The Spark Java API is defined in the org.apache.spark.api.java package, and includes a JavaSparkContext for initializing Spark and JavaRDD classes, which support the same methods as their Scala counterparts but take Java functions and return Java data and collection types. The main differences have to do with passing functions to RDD operations (e.g. map) and handling RDDs of different types, as discussed next.

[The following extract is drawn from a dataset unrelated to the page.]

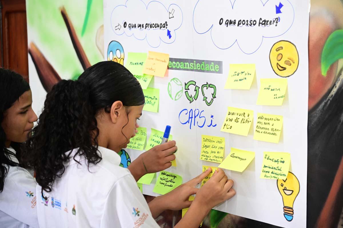 O Núcleo de Cidadania de Adolescentes (Nuca) realizou uma atividade da iniciativa “Entre no Clima Unicef” para debater os impactos das mudanças climáticas na vida emocional de adolescentes. A ação ocorreu na Sala Verde, na Praça da Juventude, como parte da campanha Janeiro Branco, de conscientização sobre o cuidado com a saúde mental, em parceria com a Secretaria Municipal de Meio Ambiente e a Secretaria Municipal de Saúde, por meio do CAPS Infantojuvenil.

Key Differences in the Java API

There are a few key differences between the Java and Scala APIs:

  • Java does not support anonymous or first-class functions, so functions must be implemented by extending the org.apache.spark.api.java.function.Function, Function2, etc. classes.
  • To maintain type safety, the Java API defines specialized Function and RDD classes for key-value pairs and doubles. For example, JavaPairRDD stores key-value pairs.
  • RDD methods like collect() and countByKey() return Java collections types, such as java.util.List and java.util.Map.
  • Key-value pairs, which are simply written as (key, value) in Scala, are represented by the scala.Tuple2 class, and need to be created using new Tuple2<K, V>(key, value).

RDD Classes

Spark defines additional operations on RDDs of key-value pairs and doubles, such as reduceByKey, join, and stdev.

In the Scala API, these methods are automatically added using Scala's implicit conversions mechanism.

In the Java API, the extra methods are defined in the JavaPairRDD and JavaDoubleRDD classes. RDD methods like map are overloaded by specialized PairFunction and DoubleFunction classes, allowing them to return RDDs of the appropriate types. Common methods like filter and sample are implemented by each specialized RDD class, so filtering a PairRDD returns a new PairRDD, etc (this acheives the "same-result-type" principle used by the Scala collections framework).